Informed by the experience of East Germany in 1953, I argue that our theoretical understanding of grievances needs to be expanded beyond the sort of broad economic hardship which affected most of the GDR’s population throughout the early 1950s. Such structural grievances are not sufficient to cause the revolutionary overthrow of a regime, even when they are acute. The sorts of grievances which provoke mass unrest are unexpected or incidental, and clearly attributable to the actions of government. I find that economic grievances which were difficult to attribute to the regime were not significantly correlated with unrest on June 17. Independent farmers, on the other hand, were thinly dispersed across the countryside, facing repression and considerable obstacles to collective mobilization. Faced with an increasingly harsh agricultural collectivization policy, and therefore harboring intense grievances directly attributable the regime, they were nonetheless significantly associated with unrest and opposition to the SED.
The sorts of intense, directly attributable grievances present among independent farmers in the GDR should be expected to be relatively rare under authoritarian regimes seeking to avoid instability. When grievances do not fulfill these conditions, unrest outcomes are primarily influenced by groups’ capacity to organize, reveal their preferences for regime change, and mobilize collectively in opposition to the government. This mobilization capacity depends on group-level decision-making structures which facilitate collective action by increasing the probability of a successful revolt and spreading the potential costs of repression across a broad membership. Relatively small numbers of individuals can play a crucial role in propagating unrest if they are mobilized in this way and have the technology to communicate their intention to rebel. Workers’ meetings on construction sites in East Berlin organized the first mass demonstrations against the regime in 1953. Construction workers were also relatively mobile and had dense communication networks across the country. They played a central role in propagating news of the Berlin demonstrations and calling for further mobilization among their colleagues. Despite their relatively low numbers, there is a robust correlation between concentrations of construction workers and unrest on June 17.

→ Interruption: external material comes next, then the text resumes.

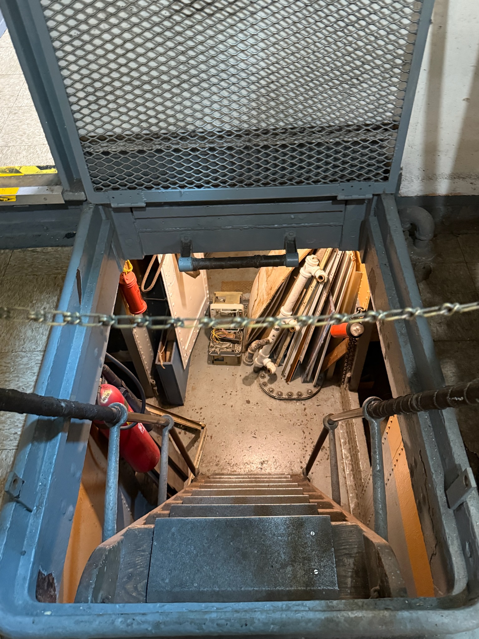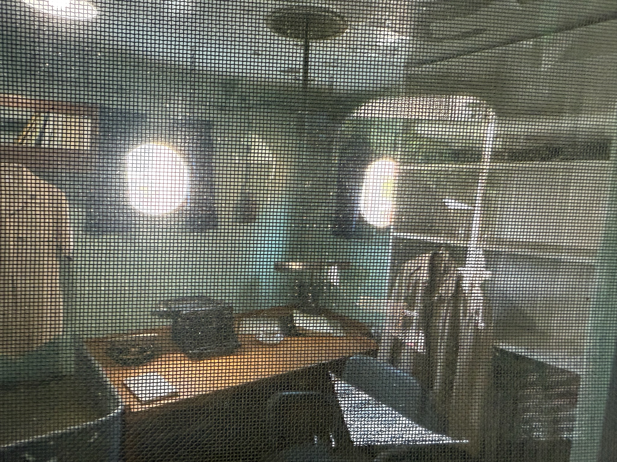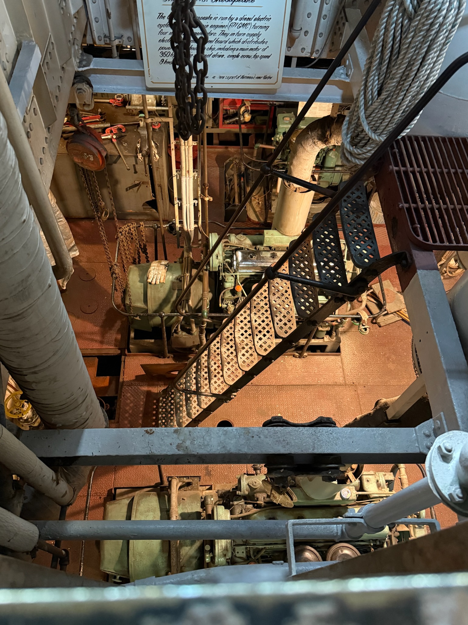 We could peek into a below deck area with the windlass. A sign explained that the mushroom anchor filled with sand and silt, so the longer it was anchored, the stronger the holding power became. The Chesapeake was normally anchored in 65 feet of water and had 120 fathoms of chain out.

These findings are an important contribution to our understanding of mass opposition to authoritarian governments. They suggest that economic grievances can be a cause of opposition, despite repression and barriers to mobilization, when they are severe and clearly attributable to a regime. Given regimes’ efforts to prevent such grievances emerging, mobilization capacity should be expected to be the proximate cause of mass threats to undemocratic governments. However, my analysis shows that mobilization capacity depends on intragroup organizational structures and communications networks, suggesting that such tools of collective action should play a greater role in accounts of revolutionary threats to authoritarian regimes. This article also contributes to a growing body of research in political science and history which explores the East German dictatorship and its lessons for the study of authoritarian politics. 8 Previous studies have posited many contributing factors to the uprising of June 1953, but this is the first quantitative analysis which allows their contributions to be systematically assessed and compared across the entire country. Moreover, my findings will be of interest to political scientists and historians who are analyzing postwar Europe with new interest. The origins of the Cold War political order on the continent are increasingly being sought in this initial phase of institution-building on both sides of the iron curtain. 9 Revealing which economic and social factors led to the uprising in the GDR holds lessons for explaining the wave of unrest which spread across East-Central Europe in the mid-1950s and had profound consequences for the broader trajectory of regimes in the region (Ekiert, 1996).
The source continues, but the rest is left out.